Diversiteit in zorg
03/02/2017
Zorgbeleid Algemene Ziekenhuizen

Hoe ervaren minderheidsgroepen hulpverlening in de ziekenhuiscontext?

Wereldwijd worden hulpverleners meer en meer geconfronteerd met de uitdagingen van interculturele zorgverlening. Ook in de interculturele zorgontmoeting proberen hulpverleners een menswaardig antwoord te bieden op de zorgvraag van een kwetsbare persoon. Wanneer het gaat om patiënten uit etnisch-culturele minderheidsgroepen, kan deze kwetsbaarheid groter zijn omdat er specifieke interculturele drempels zijn die de zorgontmoeting al dan niet kunnen bemoeilijken.

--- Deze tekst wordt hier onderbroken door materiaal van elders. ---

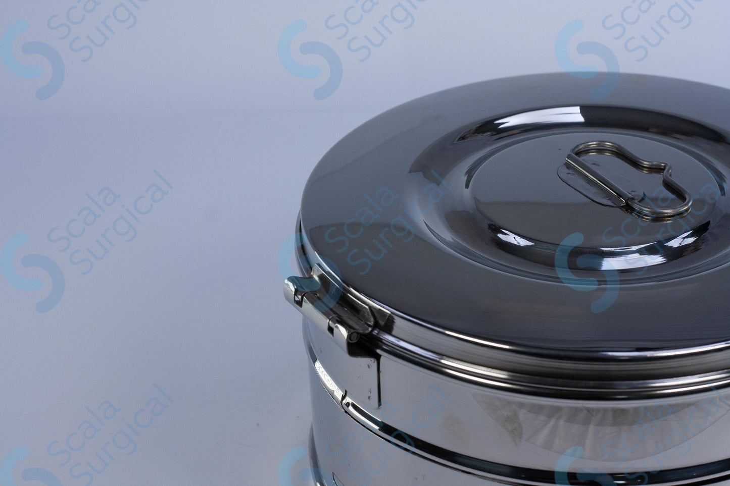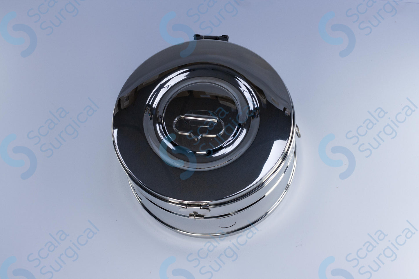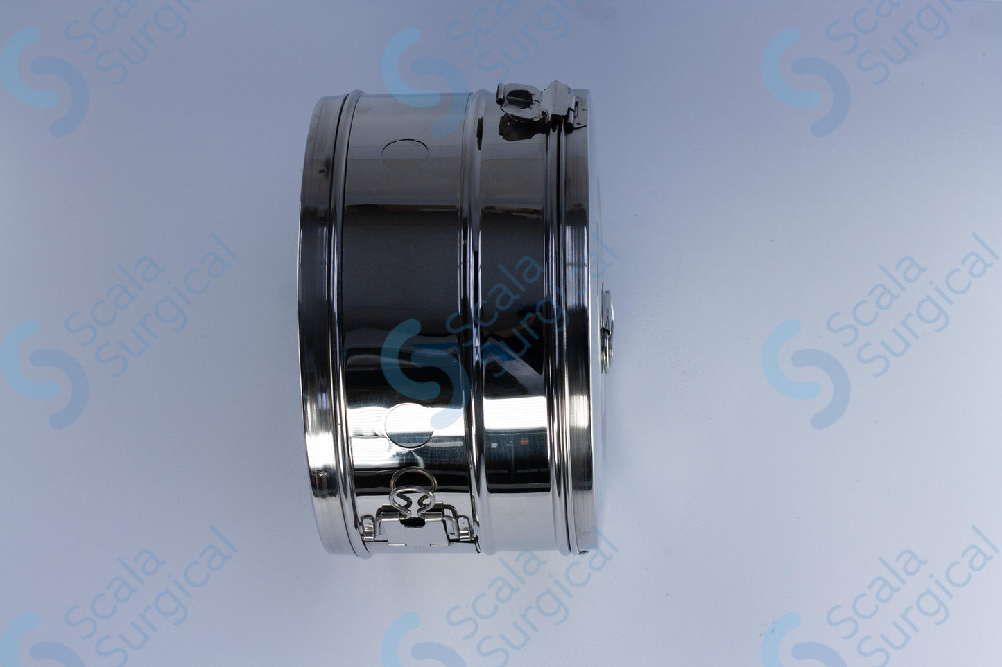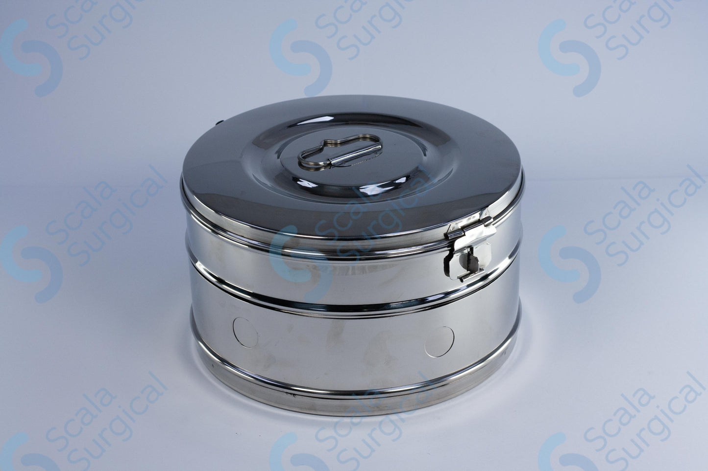 A sterilising drum is a device used to sterilise surgical instruments in the operating room. It is typically used to sterilise single-use instruments and reusable instruments that cannot be sterilised in an autoclave. The drum is filled with a sterilising solution or powder, and the instruments are placed inside the drum and agitated to ensure that all surfaces are exposed to the sterilising agent. The dimensions of this particular sterilising drum are 241.3 x 139.7mm (9? x 5? inch).

Tot nu toe was er geen wetenschappelijk inzicht in de bestaande internationale literatuur omtrent de interculturele zorgontmoeting zoals deze wordt ervaren door de patiënten. Daarom heeft Liesbet Degrie, doctoraatsstudente aan de KU Leuven, onder begeleiding van Prof. Yvonne Denier en Prof. Chris Gastmans (beiden stafmedewerker ethiek bij Zorgnet-Icuro en als onderzoeker/docent verbonden aan de KU Leuven), via een systematische literatuurstudie de bestaande empirische evidentie onderzocht over de interculturele zorgverlening in de ziekenhuiszorg, bekeken vanuit het perspectief van de patiënten.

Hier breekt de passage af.